Travel Diary: Paul Qui In Venice, Italy

Thursday, June 13: Qui arrives in Venice at 11 a.m.

"So I realized there are no roads in Venice," Qui said. "The whole time I knew Venice had canals and stuff like that, but I never thought that there wouldn't be any roads. So taking the taxi to the hotel was pretty cool... [At the hotel] I checked my mise en place and all my ingredients and took a nap."

Friday, June 14: Chefs cook for the Young Chef of the Year dinner competition

"Basically I was cooking from 7 a.m. to 10:30 at night," Qui said. For this dinner with 140 guests, Qui prepared a cured mackerel with compressed tomato seeds, tomato dashi, candied olives, and basil (shown right). Ten chefs competed that night, traveling from Australia, Austria, Belgium, China, Israel, Italy, the Netherlands, Russia, and the United Arab Emirates (not counting Qui, from the United States).

"What I remember about that day was getting all these other young chefs from different parts of the world and meeting the chefs," Qui said. "We don't speak the same language but after a while you get into the rhythm of the kitchen and you got what people were trying to say without speaking their language. That's the cool thing about kitchens, I think. It's familiar. It doesn't matter what part of the world you're in; when you're in the kitchen it makes you feel like home."

Friday, June 14: Seen in the Kitchen

"I saw some good cuts of beef," Qui said of his time sharing the kitchen with the nine other chefs. "I actually didn't know that Venice is known for their carpaccio and one of their chefs was making a carpaccio dish.  He definitely brought some modernity to his dish [shown right, with a soft-poached egg, onion dressing, dried fennel, and garlic milk]. The chef from Belgium [Yannick Van Aeken from NEDE] brought some seaweed, and we just started talking about seaweed and fermentation."

Saturday, June 15: The chefs visit Rialto Market to buy ingredients

"I was surprised that they had stuff like cilantro and coriander and different spices, but one of the guys on the sailing team was telling me that Venice is built on spices; it used to be a major trade route between Asia and Europe," Qui said. Spotted at the market: kaffir lime, lemongrass, and plenty of stone fruit like peaches and cherries.  "I spent a good hour at the market," Qui said, saying they had to chat with a lot of people to find the right vendor with the best ingredients. "Once we found the right one we definitely got some interesting ingredients, like ovoli mushrooms, which I thought looked like matsutake mushrooms. It's named after its shape, like an egg."

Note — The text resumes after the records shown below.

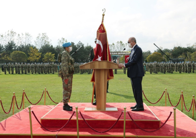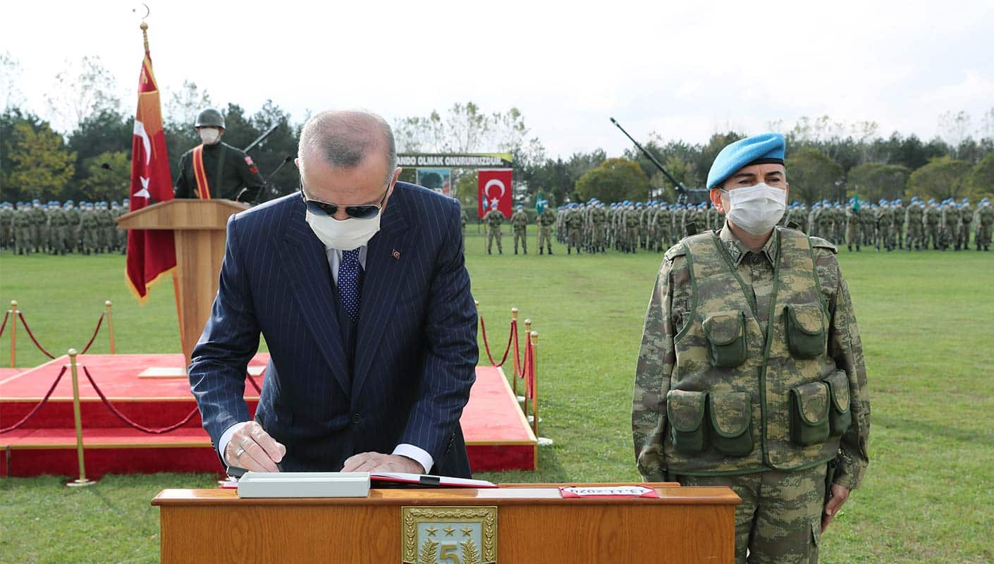 Cumhurbaşkanı Erdoğan, Çorlu'daki 105.Topçu Alay Komutanlığı'nda düzenlenen 41.Komando Tugay Komutanlığı Sancak Verme Töreni'ne katıldı.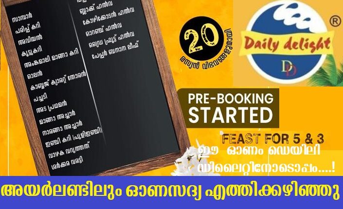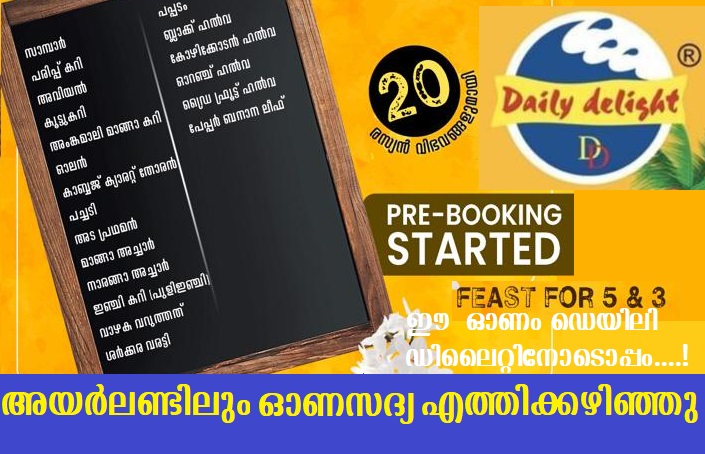 വ്യത്യസ്തമായ രുചി കൂട്ടുകളിലൂടെ നിങ്ങളെ വിസ്മയിപ്പിക്കുന്ന ഡെയിലി ഡിലൈറ് ഈ വര്‍ഷത്തെ ഓണ സദ്യയുടെ പ്രീ ബുക്കിംഗ് സെയില്‍ അയര്‍ലണ്ടിലെ വിവിധ ഏഷ്യന്‍ /ഇന്ത്യന്‍ ഷോപ്പുകളിലൂടെ ആരംഭിച്ചിരിക്കുകയാണ് .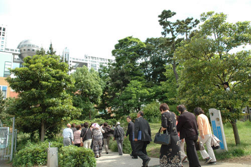 ちょっと低めの小さな木にチャレンジしていると、脇の小道を水上バス(お台場海浜公園に停留所があるのだ)から降りてきた観光の団体さんが通りかかった。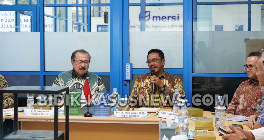 SUKABUMI-BIDIK-KASUSNEWS.COM- Bupati Sukabumi H. Asep Japar mengunjungi PT Mersifarma Tirmaku Mercusana di Kecamatan Cikembar, Selasa (23/9/2025). Kunjungan ini menjadi ajang silaturahmi sekaligus diskusi tentang dunia usaha dan penyerapan tenaga kerja di Kabupaten Sukabumi.

Saturday, June 15: Regatta cooking (on a boat!)

The aforementioned ovoli mushrooms make an appearance in Qui's dish (shown right), prepared during the Regatta race: a chawanmushi egg custard, steamed in "prosciutto rind dashi" with langoustines, local peas, and ovoli mushrooms, topped with a peach, coriander, and tomato salsa.  "My whole  game plan to the competition was basically take something very simple and humble and I was going to base all my dishes based on what I found there," Qui said. So the prosciutto rind, langoustines, local peas, and mushrooms? All discovered at the Rialto Market earlier in the day.

Saturday, June 15: S.Pellegrino Cooking Cup Finale Gala Dinner at La Fenice Theatre

The highlight of Saturday? "Definitely seeing the opera house. That was pretty amazing," Qui told us. "It felt very surreal. We got dropped off in a weird canal alley and we had to go around the corner, and there was a weird sense of discovery trying to get to the place. I thought that that was really cool, that sense of discovery walking through the narrow streets and turning the corner and seeing this beautiful opera house. Even from the outside it's a little old, but once you get inside you see how grand it is."

Saturday, June 15: Paul Qui wins Young Chef of the Year

You can almost see Qui going, "Me?" in the photo to the left, where Massimo Bottura awards Qui the Young Chef of the Year award. "I thought it was really cool that Massimo was saying [my dish] was very much Mediterranean food from a different perspective, as opposed to a fusion of things, since all my ingredients  were Mediterranean," Qui said. Just another award to add to Qui's growing trophy collection (already housing a James Beard award for Best Chef Southwest 2013 and the Top Chef season 9 championship).